Екатерина Лесина - Черная книга русалки
Этим вечером озеро было спокойно. Раскинулось, растянулось темной лужей, отражая и кособокую луну, и звезды, дрожало мелкой рябью, выдавая чье-то присутствие там, в глубине вод; вздыхало, шелестело рогозом, клонилось под порывами ветра. Кричал козодой, ухала сова, звенело комарье, и все ж таки спокойно было здесь. Мирно.
Человек появился на берегу где-то около полуночи, шел он не со стороны Погарья, а с дач, осторожно крался, стараясь оставаться в тени, а когда выпадало открытое пространство, преодолевал его перебежками, некрасиво пригибаясь к земле.
– Эй, – шепотом сказал он, добравшись до берега. – Ты тут? Я пришел.

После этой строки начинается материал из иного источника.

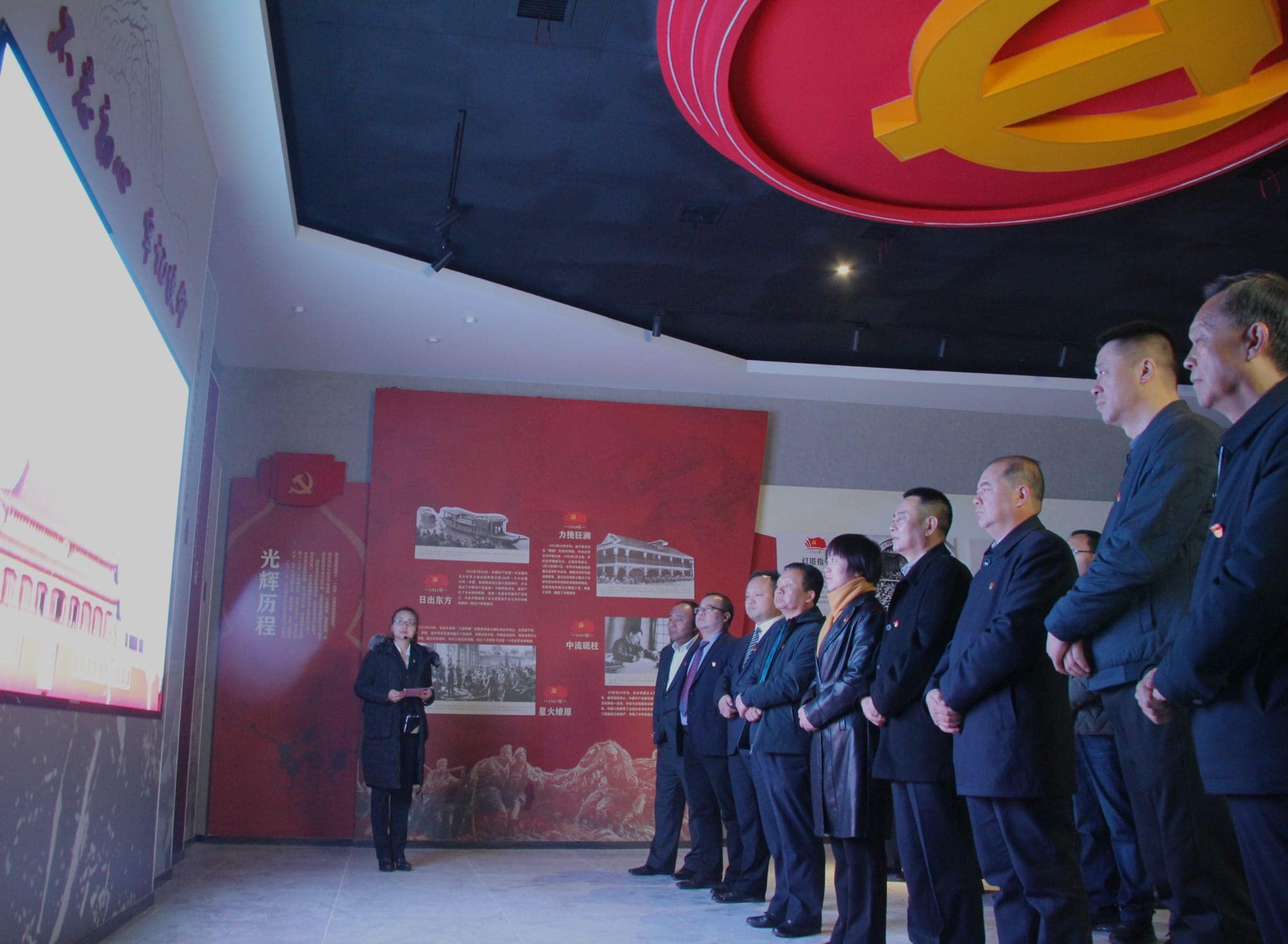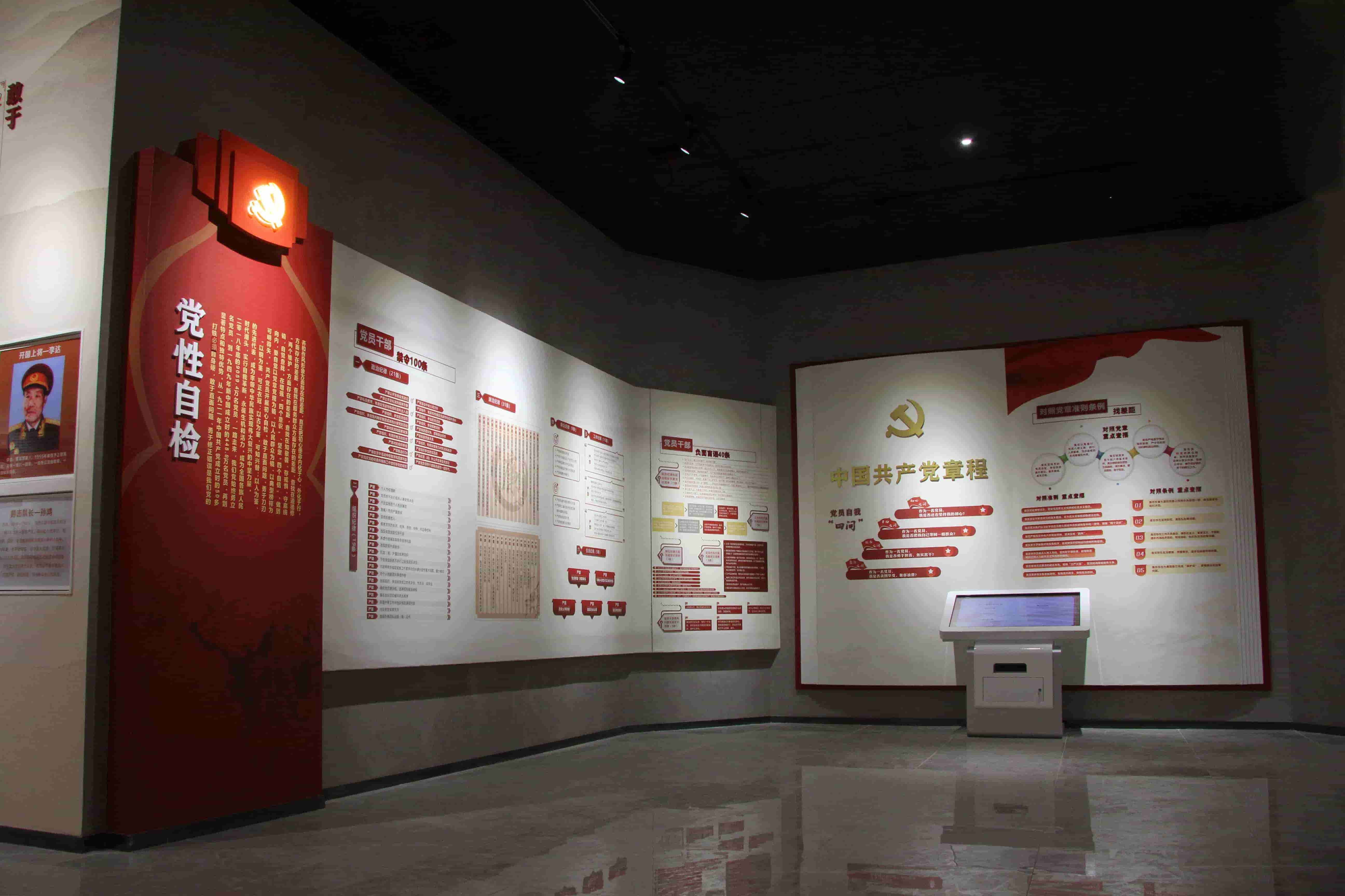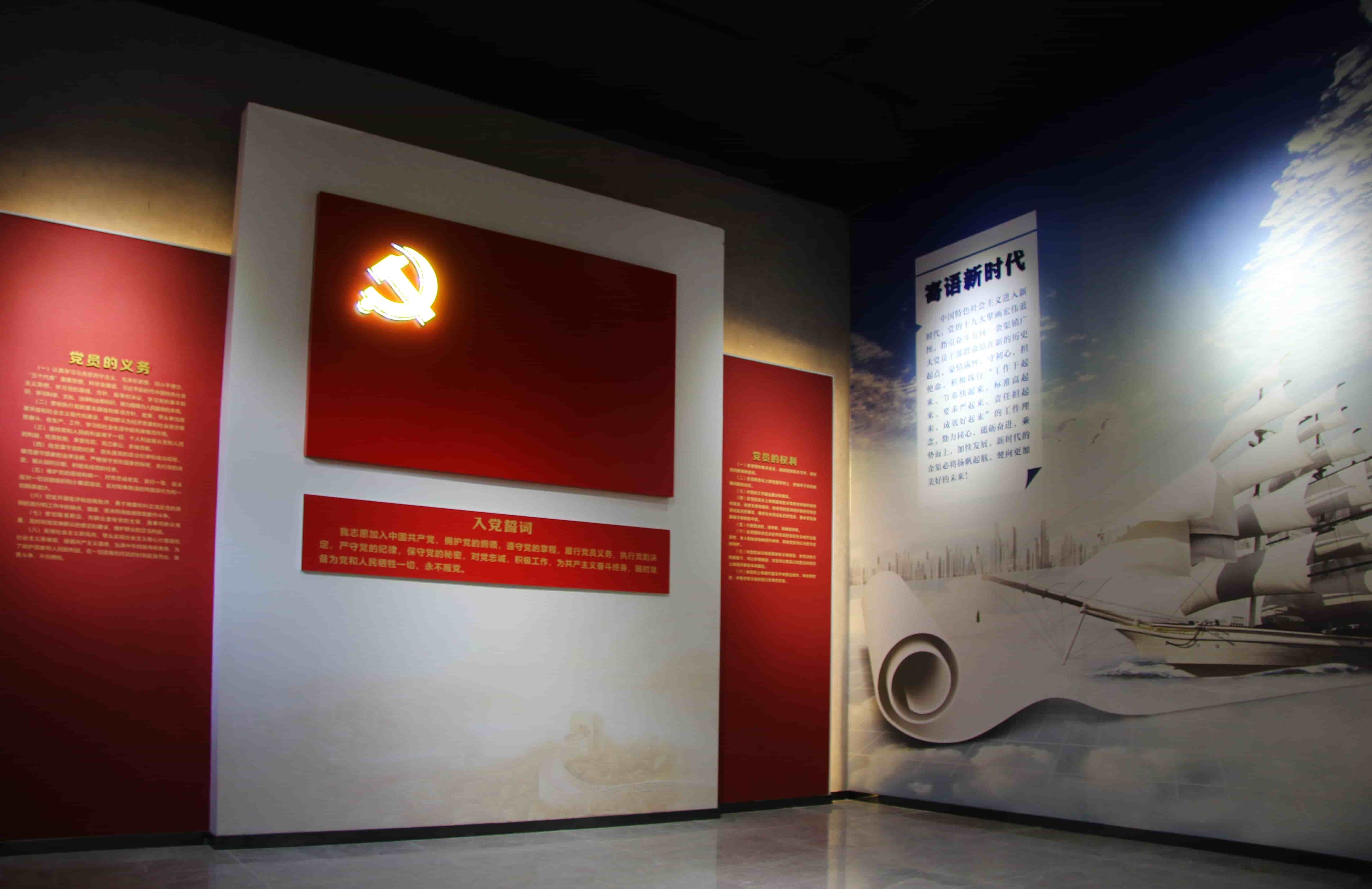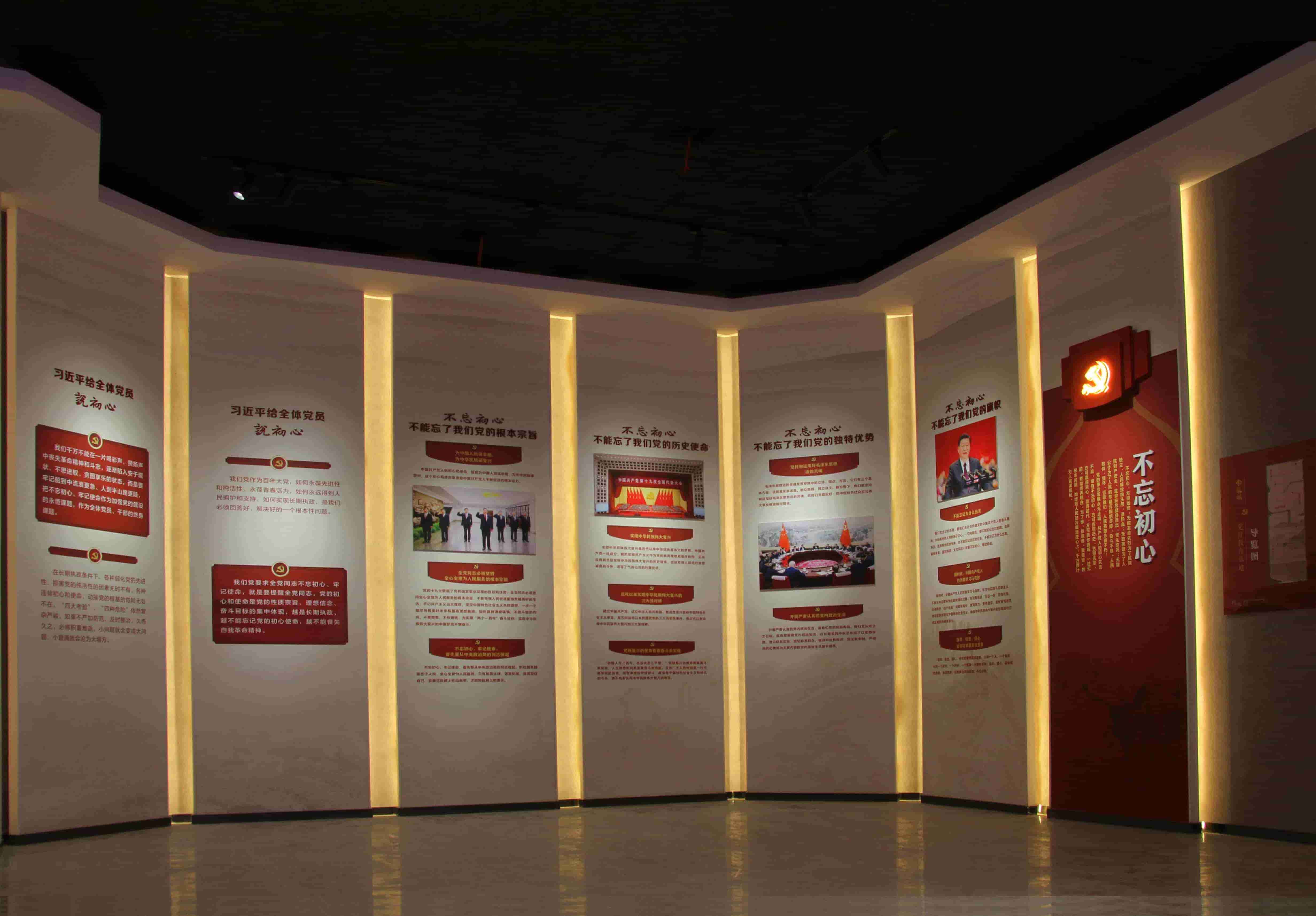 以中共重大历史事件为主题,递进式墙面造型,通过图文展示中国共产党发展的艰难岁月和光辉历程,重现我党波澜壮阔的发展壮大史。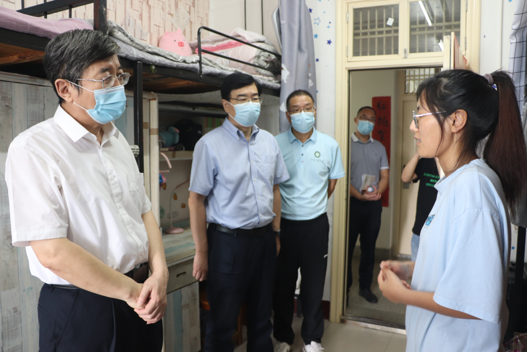 在學生寢室,校領導了解了同學們的住宿環境和生活情況,充分肯定了同學們對防疫工作的支持,希望同學們繼續遵守防疫規定,積極培育互幫互助的寢室文化,共同維護安全穩定的校園環境;詳細詢問了各年級同學的學習或就業情況,希望低年級同學打牢專業基礎、多去自習室、多進實驗室,鼓勵高年級同學樹立正確的就業觀,特別是有意向考研的同學合理選擇報考院校,積極備考,爭取早日“上岸”。他們還希望同學們多參加體育鍛煉,在強身健體中永葆青春朝氣。

Прислушался, потянулся было за сигаретами и даже достал одну, сунул в рот, щелкнул зажигалкой, но в последний момент прикуривать передумал. Так и стоял, выжидая, жуя горький фильтр да отмахиваясь от гнуса. Когда устал стоять – кинул на землю рюкзак и, примяв его руками, уселся сверху. Он не нервничал, не злился, наоборот, доведись кому подобраться настолько близко, чтобы разглядеть лицо человека, он удивился бы выражению – отрешенному, задумчивому, но вместе с тем очень довольному.
Время шло. Небо темнело, затягиваясь тучами, каковых с вечера и не было, где-то вдалеке, по-над черной полосой леса, блеснула зарница, донесся слабый удар грома.
– Ма-а-а-ма, – вдруг раздалось в зарослях. – А-а-а-ах.
– Ну-ну, – только и ответил человек, засовывая раскрошенную сигарету в карман длинной куртки. Поднялся, одернул рукава и, закинув рюкзак на плечо, решительно направился на звук.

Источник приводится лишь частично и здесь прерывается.